All of you holy men and women, especially Saint. Dymphna, patron saint of anxiety, please pray for us!

All of you readers, please pray for the writers of this page!

Thursday, September 4, 2014

Labor Day (Late): Working in Dryness

"The proof of love is in the works. Where love exists, it works great things. But when it ceases to act, it ceases to exist." - Pope St. Gregory the Great

This past Monday was Labor Day in the U.S, and since then I've been asking both my Lord and myself whether I labor properly for Him, for His holy will. I've been feeling recently like I'm in a state of spiritual dryness, and this has left me anxious and wondering if I'm actually able to do His will right now. I feel like I'm in no state to come closer to Him because it seems like He's so far away from me. Yet today I've begun to realize why this is complete tomfoolery, utter nonsense and extremely detrimental to myself and to others.

A good friend of mine has always told me that feelings don't matter in faith and works of faith, that feelings don't matter much in real love; this is completely true! I said above that I 'felt' a spiritual dryness, that I 'felt' like I'm not in a proper state to do His will, and these feelings have only served to increase my anxiety. However, when I actually think about what I'm able to do for His will, completely by His grace alone, I realize that I can always do His will, again by His grace alone. Obviously if I'm in sin, then I'm less open to that grace, but feeling a state of spiritual dryness doesn't necessarily connote sin. Blessed Mother Theresa of Calcutta once said that, in the later parts of her life, she felt as if God was nowhere near her. St. John of the Cross describes this state as a "dark night of the soul", a time when God lets the soul experience dryness so that the soul can be moved to love again, to desire and to laboring for the Beloved. A dark night of the soul is not at all an excuse to think one can't do His will; it is, in fact, an invitation to work more!
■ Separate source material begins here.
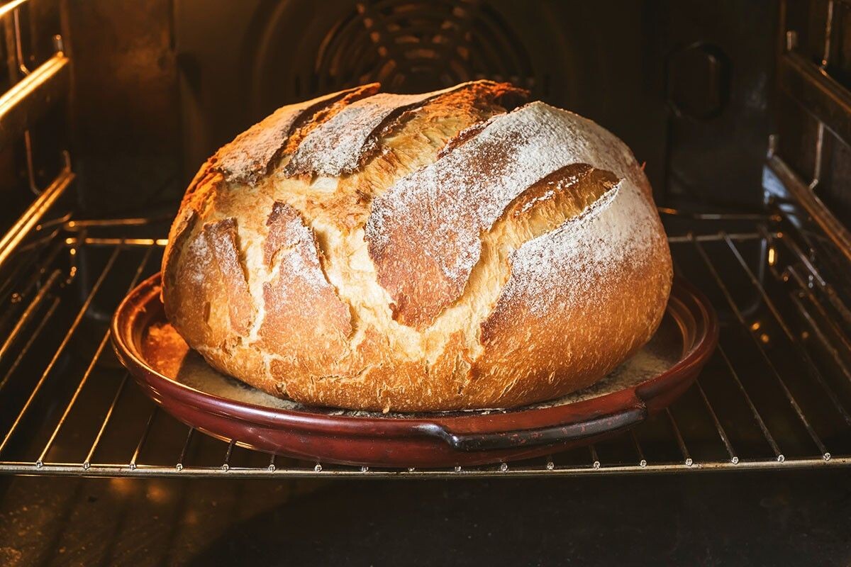 Нагрейте духовку до 230°C, выпекайте 30 минут, используя «купол» для лучшего результата.
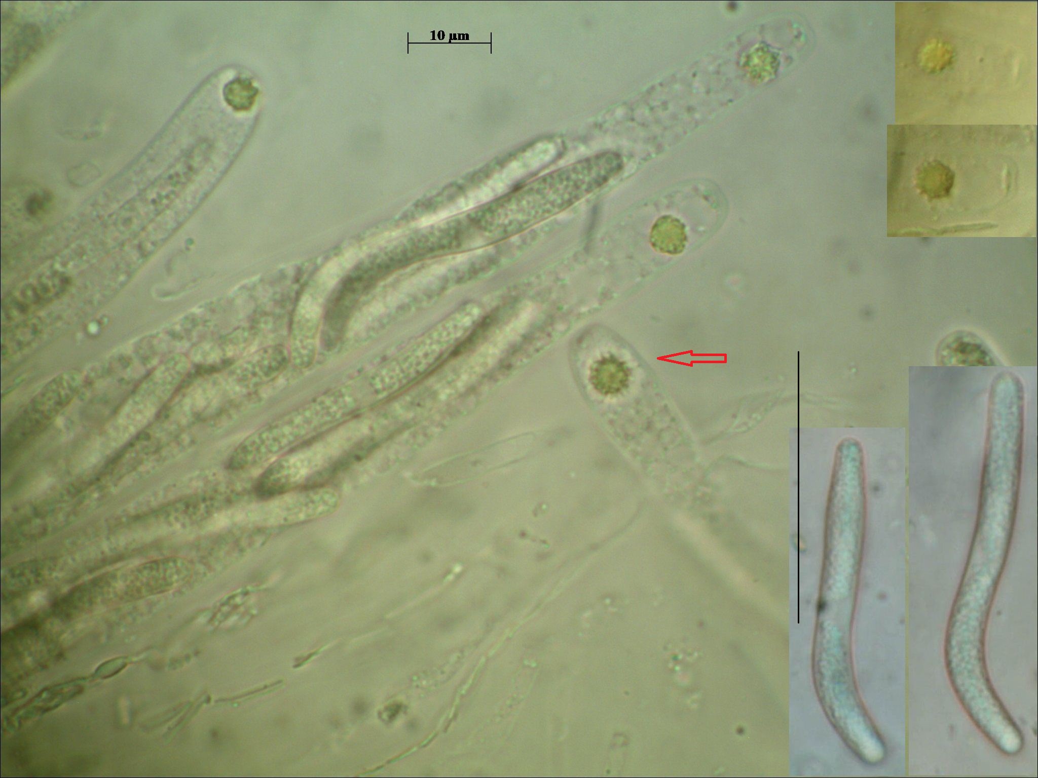 Bei der „Routinekontrolle“ von Lasiosphaeria ovina stolperte ich gestern im Schlüssel von Candoussau & al. (2001) über Lasiosphaeria chrysentera, die sich v.a. durch einen goldbraunen, stacheligen subapikalen Globulus (eine Kugel im unteren Bereich der Ascus-Spitze) unterscheiden soll, während er bei L. ovina hyalin und warzig sein soll. Nun waren meine Globuli deutlich stachelig (s. Foto, 100x, in Wasser). Miller & Huhndorf (2004) halten L. chrysentera jedoch für ein Synonym, u.a. weil sie bei der Typuskollektion keinen stacheligen subapikalen Globulus vorgefunden haben. Sie argumentieren, dass das Ornament durch den schlechten Erhaltungszustand bzw. die mangelhafte Konservierung der Kollektionen zustande komme. Meine Schäfchen waren nun aber absolut frisch. Wer weiß mehr dazu? Viele Grüße.

The invitation to work more by our feeling this dryness, by our realizing our anxieties, these dark nights, is necessary for our growth in love. Yet though the feelings do help to trigger it, they are, as said above, nearly unimportant, only serving as the trigger. What 's always more important in these dark nights is our response to them by our seeking to labor more and more in love for our Lord Jesus Christ, Who gave Himself up for us even in the greatest suffering, Who Himself said, "My God, My God, why have You forsaken Me?" Even in that pit of despair, Christ, the Son of God, cried out, wondering where His Father was. However, He still died, He still resurrected, and He still ascended and is now seated at the right hand of the Father who He cried to; He still did His work, He still labored in and after the suffering. So it's the same with us: We must not only know of the invitation, we must take it up to work for His will.

St. John of the Cross, in his writing on the dark nights of the soul, says that they're necessary for the soul to grow more in love with it's Beloved Christ; "In tribulation immediately draw near to God with confidence, and you will receive strength, enlightenment, and instruction." We're going to have dark nights of the soul, it's inevitable, and our Beloved Bridegroom allows them to come so that we can search for Him, work for Him, by our feeling away from Him. By our feeling dryness or even despair, He helps us to labor to be more and more in love with Him.